Yeah, I'm not seeing any throat protection in the vids. I fence and I hate getting tagged in the throat. For historical rapier fencing I always wear a metal gorget. But maybe that is just be. Also, unlike paintball, what constitutes a hit is more debatable. Is a graze a hit? With paint ball it is easy, no paint no hit. If the ball doesn't break on you you are good to go.


----------



## Nam Nguyen (Jan 29, 2011)

I've thought about doing this with some friends. Been hit in the throat with a paint ball...its not the best feeling in the world lol


----------



## Warbow (Apr 18, 2006)

Nam Nguyen said:


> I've thought about doing this with some friends. Been hit in the throat with a paint ball...its not the best feeling in the world lol


Well, the arrows are pretty fat at the tip, so hopefully getting taged in the throat wouldn't be too bad. I wonder what the KE of a paint ball is compared to one of the blunts at Archery Tag? The website mentions something about patents, but I'm not sure what they have patented or plan on patenting. Foam blunted arrows are not a new idea. This is a foam blunt for SCA archers from North Star Archery:









However, the SCA has a lot of experience with blunt arrow safety, and they require blunts on both the tip *and* the fletching end to avoid impalement on either end during re-enactments (I don't know how you get impaled on the nock end but I assume it has to be a real issue or they wouldn't go to so much trouble). They call the back end blunting Anti Penetration devices and they are asymetrical attachments of foam or tubing. I've only just heard of them today upon looking up SCA arrows and I have no idea how well you can shoot an arrow with so much weird stuff on it:

http://home.comcast.net/~housechaos/APDs/APD_building.htm








Or this integrated APD with nock:








I guess the SCA takes safety seriously and above accuracy.


----------



## grantmac (May 31, 2007)

Warbow said:


> I guess the SCA takes safety seriously and above accuracy.

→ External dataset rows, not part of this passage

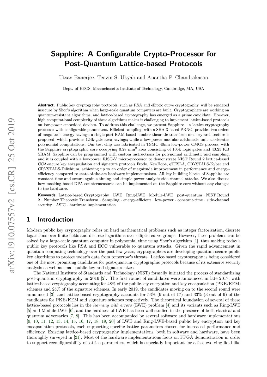 Sapphire: A Configurable Crypto-Processor for Post-Quantum Lattice-based
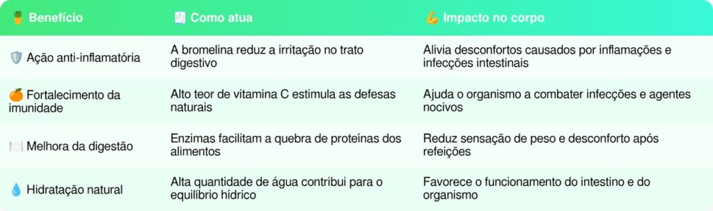 O potencial antiparasitário é apenas uma das vantagens que o abacaxi oferece ao sistema digestivo. Essa fruta tropical reúne nutrientes e compostos que atuam em diversas frentes para manter o intestino saudável:
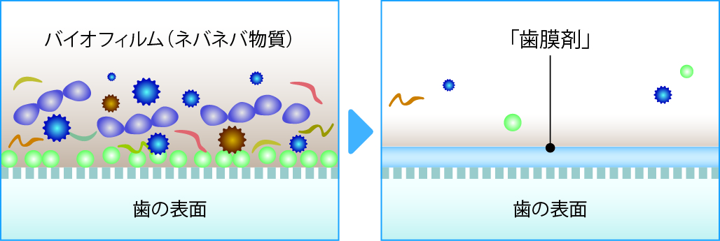 歯の表面は食べカスや細菌を引き寄せ、歯垢(デンタルプラーク)になりやすく、その上に細菌が積み重なって、粘着性の膜を作ります。この粘着性物質がバイオフィルムで、ブラッシングでは容易に落とせません。バイオフィルムは細菌の温床です。
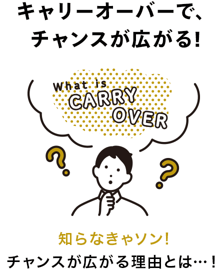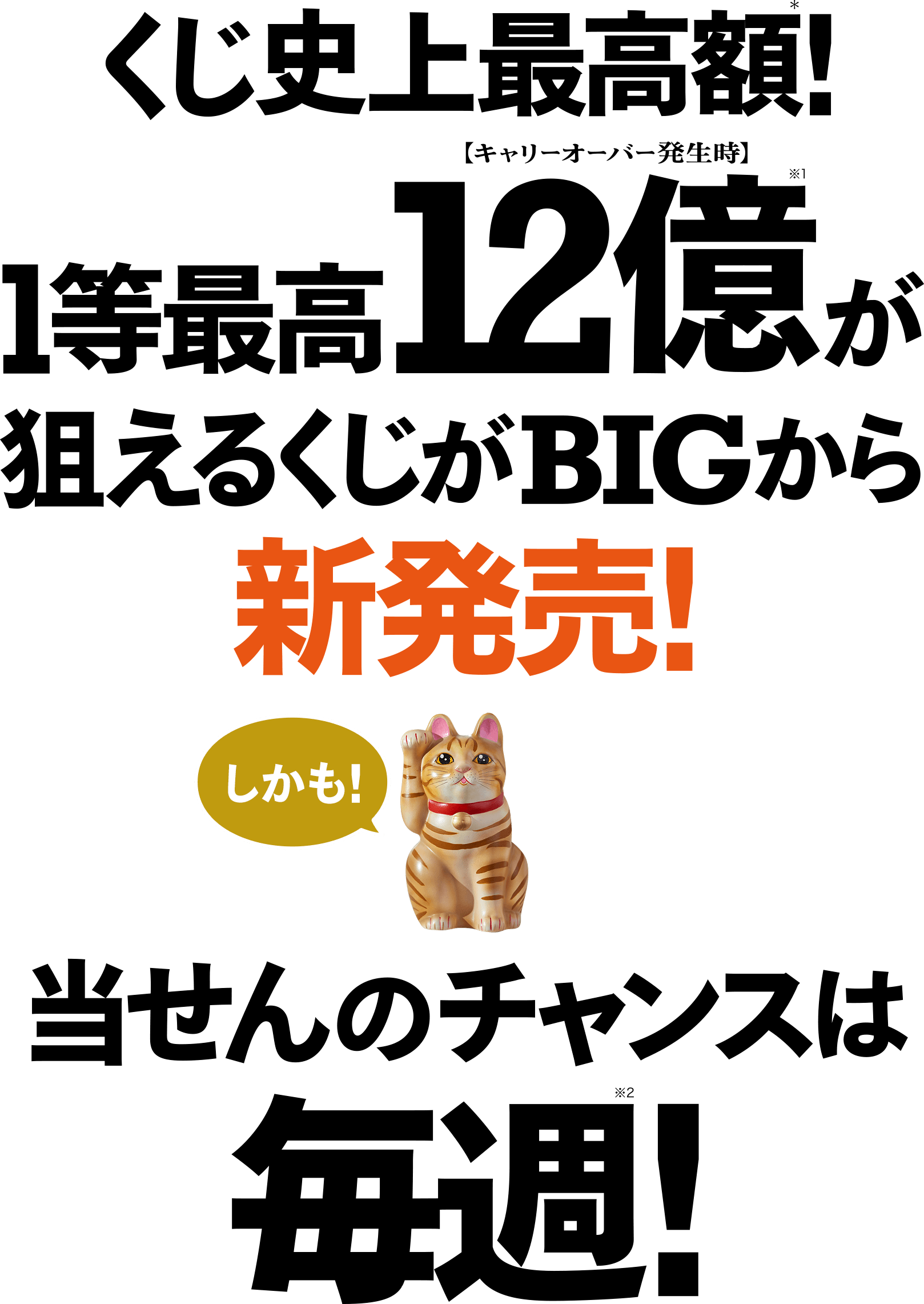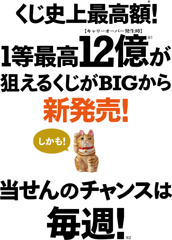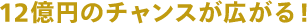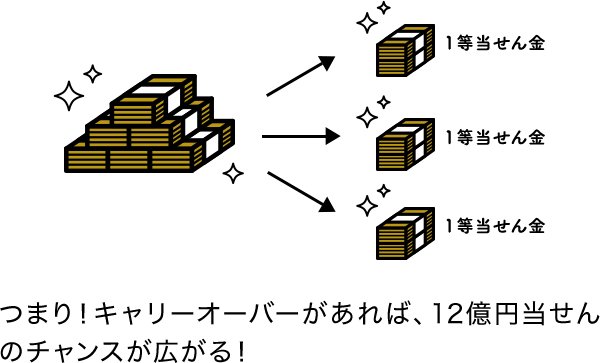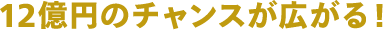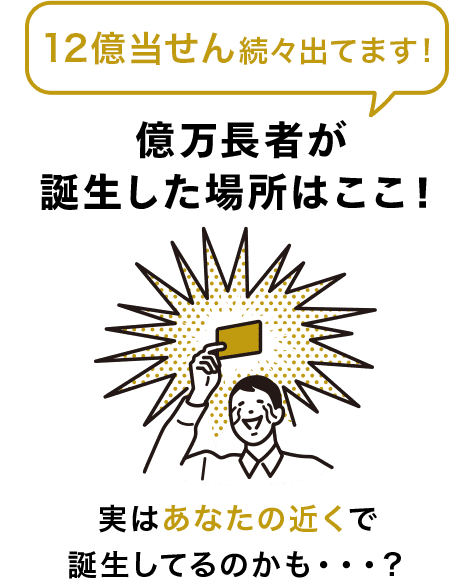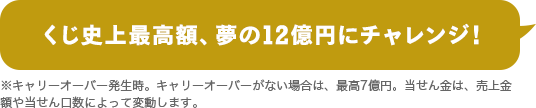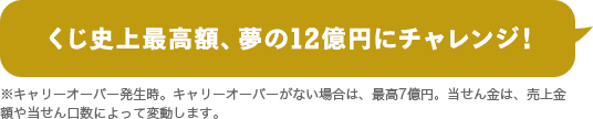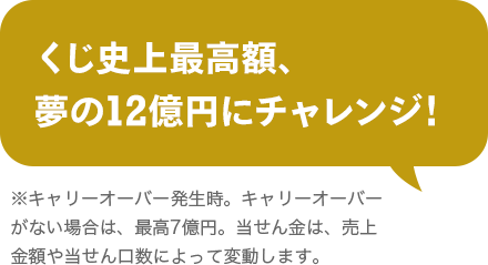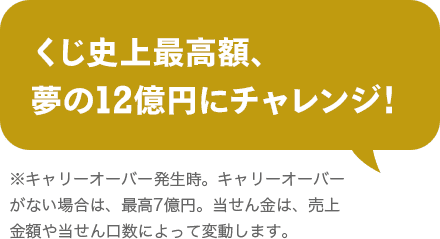 夢の12億円にチャレンジ!※ キャリーオーバー発生時。キャリーオーバーがない場合は、最高7億円。当せん金は、売上金額や当せん口数によって変動します。

They really do. Moreover as an organization they tend to be run by the "contact" fighters and generally limit the effectiveness of the ranged combatants.
Last I heard they were actually in the process of removing archers due to safety concerns, but not as the result of any actual safety problems.
Keep in mind they also limit bows to [email protected]" and the archer has to wear some pretty awkward head-gear, not exactly a recipe for surgical accuracy.

-Grant


----------



## Clang! (Sep 29, 2007)

grantmac said:


> Keep in mind they also limit bows to [email protected]" and the archer has to wear some pretty awkward head-gear, not exactly a recipe for surgical accuracy.

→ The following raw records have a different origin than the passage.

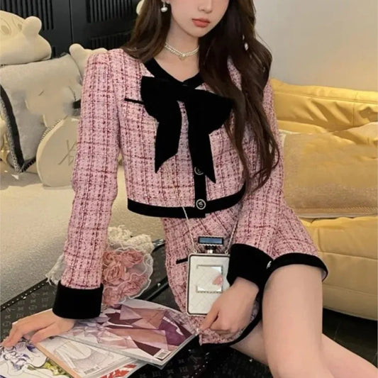Autumn Winter Tweed Two-Piece Skirt Set Women Short Jacket Coat + Mini Skirt Suits Elegant Korean Fashion Female Outfits
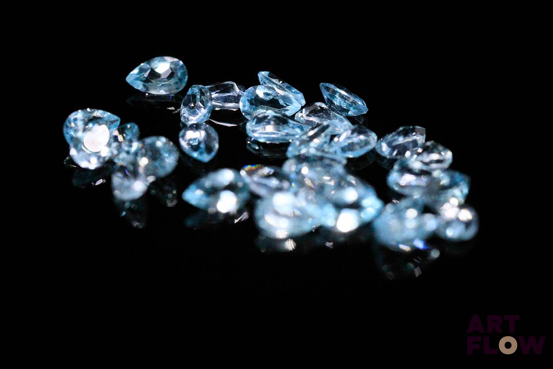 Trente topazes bleues poires. 7.57 cts. Dims. moy.: 5.0mm x 3.0mm
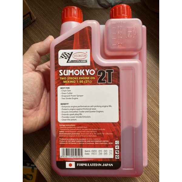 Nhà cửa & Đời sống > Làm vườn > Máy cắt cỏ, dụng cụ cắt cỏ || Nhớt 2T cho máy phát điện, máy cưa, máy cắt cỏ... chai 1L SUMOKYOCòn hàng
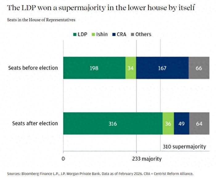 至关重要的是,这代表着三分之二的绝对多数,加上执政联盟伙伴维新党,执政联盟以352个席位占据主导地位。这场决定性的胜利对日本经济、市场和投资者意味着什么?

30 lbs for the heavy fighters too, or just the light fighters? It looks like the rules have changed a lot since i shot with them.

Crossbow tag (Not the SCA)


----------



## voodoofire1 (Jan 24, 2006)

I got to see archery Tag first hand yesterday and talk with them too they are at the Wabash In R-100 right now, it looks like mucho fun, didn't get to play, but they had many young people and kids playing, safety gear was used too, bow weights are 40# max, and 30-35# recommended, they will be offering a complete setupo in the near future, and I intend to see what that actually entails later today..........Boy , what I wouldn't give to be in a game of this with some of the fellas on here,lol......


----------



## Warbow (Apr 18, 2006)

voodoofire1 said:


> I got to see archery Tag first hand yesterday and talk with them too they are at the Wabash In R-100 right now, it looks like mucho fun, didn't get to play, but they had many young people and kids playing, safety gear was used too, bow weights are 40# max, and 30-35# recommended, they will be offering a complete setupo in the near future, and I intend to see what that actually entails later today..........Boy , what I wouldn't give to be in a game of this with some of the fellas on here,lol......


Cool. Tell us how it goes. There's nothing quite like a first hand report. And TradForum archery tag is an amusing idea--not sure it would solve any arguments, though :embara: :wink:


----------



## voodoofire1 (Jan 24, 2006)

Well I went, but didn't have time to pick and brains at the archery tag setup, I didn't get to shoot 16 of the african targets yesterday as I was feeling kinda poor and the constant waiting in line so some of the fellas, and some ladies too, could group critique each and every shot with binos, didn't help, so I left the course to relax a bit and I shot the north american round today and finished up the african side too, time we got it done only had 10 min to turn in cards........and they had packed up by the time we got done and back over there..........


----------



## BowmanJay (Jan 1, 2007)

I am the Deputy for our Kingdom in the SCA for Target Archery and a very active combat archer. The SCA goes to great lengths to assure safety is paramount! There are inspections on top of inspections and bows and cross-bows are limited to poundage. I see a ton of problems with the general public going out and shooting each other like paintball. We have gone through many iterations of the baldur points from northstar to get them where they are today from a safety perspective. Also we do not allow archers to simply pick up ammo from the battlefield once it has been shot. It all needs to be re-inspected before getting shot again.


----------



## Warbow (Apr 18, 2006)

BowmanJay said:


> I am the Deputy for our Kingdom in the SCA for Target Archery and a very active combat archer. The SCA goes to great lengths to assure safety is paramount! There are inspections on top of inspections and bows and cross-bows are limited to poundage. I see a ton of problems with the general public going out and shooting each other like paintball. We have gone through many iterations of the baldur points from northstar to get them where they are today from a safety perspective. Also we do not allow archers to simply pick up ammo from the battlefield once it has been shot. It all needs to be re-inspected before getting shot again.


Our local SCA had their target archery shoot last weekend in SF. It was interesting to hear from one of the archers that in combat many of the heavy combatants hate archers and don't feel it is fair that for all of their equipment and training that they can be taken out by some mere archer. Now **that** is recreating history, right down to the resentment armored knights feel for archers


----------